En Isère, tenu par le PS, la baisse a été de 11% en 2009, et sera de 10% en 2010. Elle a été répercutée davantage sur les gros équipements que sur les structures les plus fragiles. La MC2 de Grenoble, a ainsi « perdu » 110 000 euros. « Certains départements s’interrogent sur l’opportunité de continuer à aider les grosses structures qui bénéficient d’un financement croisé important de l’ensemble des pouvoirs publics. Ils préfèrent se replier sur des structures intermédiaires, pour lesquelles leur soutien est plus vital », analyse le président de Culture et départements.
Protestation. Alors que la baisse est tendancielle dans la plupart des départements, le Rhône (à majorité de centre droit) apparaît comme un contre-exemple. Son budget culture est constant depuis plusieurs années. Au début des années 90, Michel Mercier (président du conseil général) et Michel Noir, alors maire de Lyon, ont ainsi procédé à ce qu’on avait appelé alors « le Yalta des musées de Lyon ». Ils s’étaient réparti la charge des musées. Depuis, le département assure intégralement le fonctionnement de deux musées (le musée gallo-romain de Fourvière et le musée Guimet, qui sera transformé en musée des Confluences) et a créé un troisième musée à Saint-Romain-en-Gal. Le Rhône finance aussi de façon conséquente le festival des Nuits de Fourvière (3,7 millions d’euros).
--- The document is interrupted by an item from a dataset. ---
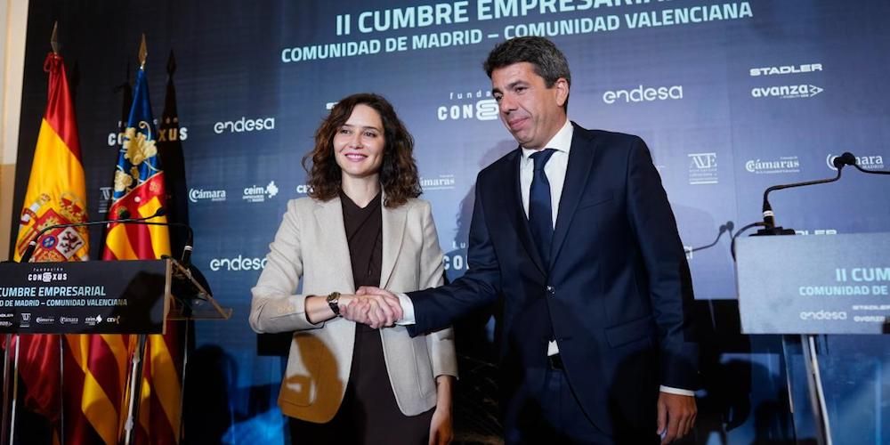 La presidenta de la Comunidad de Madrid, Isabel Díaz Ayuso, ha participado junto al presidente de la Generalitat Valenciana, Carlos Mazón, en la II Cumbre Empresarial entre las dos autonomías, organizada por la Fundación Conexus.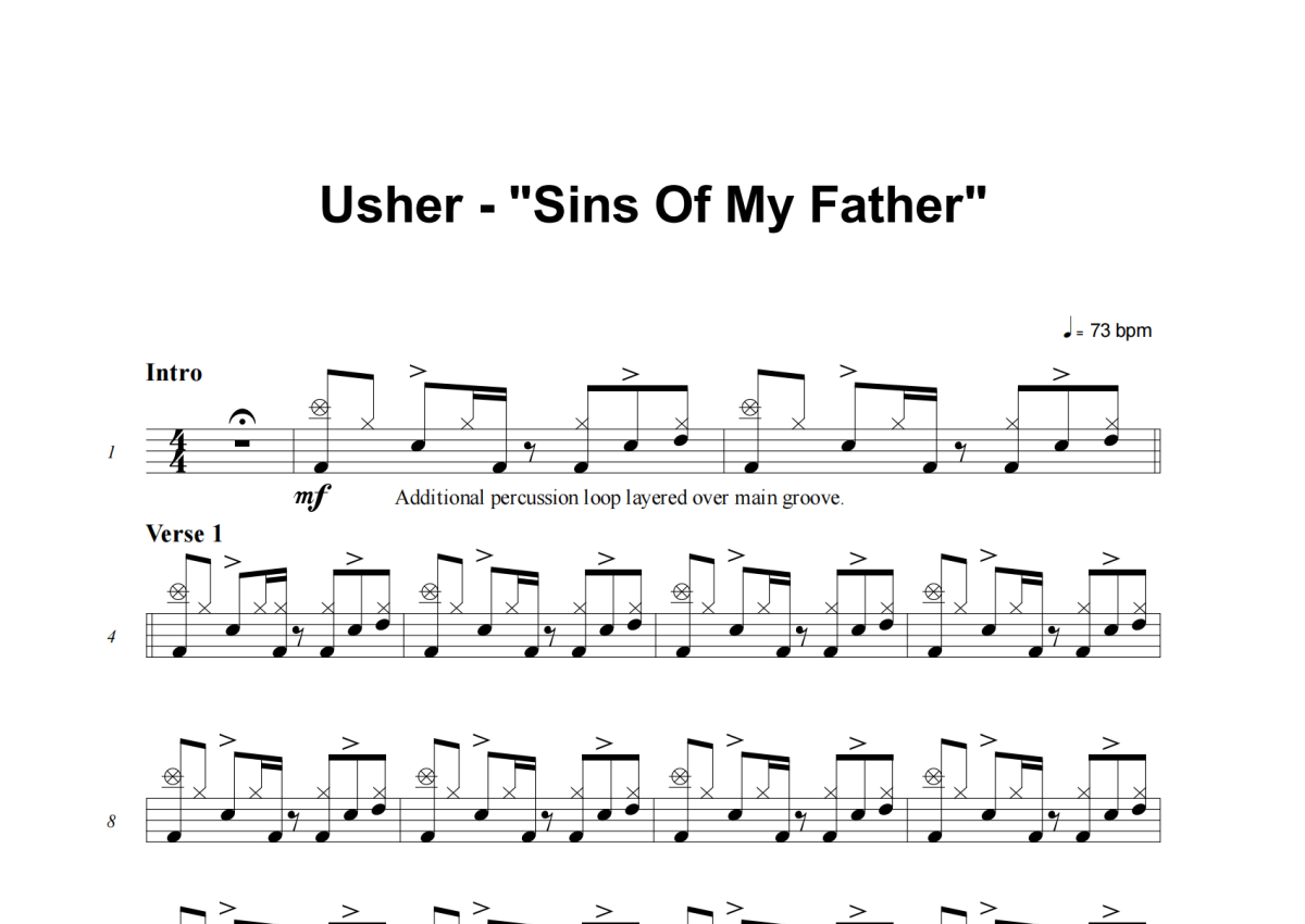 《Sins Of My Father》是Usher演唱的一首歌曲,这份架子鼓谱共有三张高清图谱,图谱由 @积极处世 编配上传,图谱使用五线谱编配,使用这份Sins Of My Father架子鼓谱,你将能够轻松地敲打出这首Usher的Sins Of My Father,快来尝试吧。

Président du département et ministre centriste de l’Espace rural et de l’Aménagement du territoire, Michel Mercier a souvent assuré qu’il « ne toucherait pas à la culture, facteur d’intégration sociale ». Derrière le discours officiel se cachent pourtant des velléités de désengagement. Notamment sur la Biennale de la danse, festival phare de l’agglomération lyonnaise, que le département finance à hauteur de 650 000 euros (sur un budget de 7 millions). « Le département imagine se retirer de la biennale en 2012 », assure l’adjoint à la culture et au patrimoine de Lyon, Georges Képénékian.
Relayant les inquiétudes qui remontent tous les jours jusqu’à lui, François Le Pillouër, président du Syndicat national des entreprises artistiques et culturelles (Syndeac), qui regroupe la plupart des responsables de théâtres publics, appelle de ses vœux un mouvement de protestation de grande ampleur. La journée d’action prévue le 6 mai devrait faire le plein. D’autant que le secteur culturel pourrait se trouver des alliés. « Nous espérons être rejoints par le mouvement sportif, dont les difficultés sont semblables aux nôtres », explique Le Pillouër, qui prévoit déjà un été de mobilisation, à l’occasion des festivals.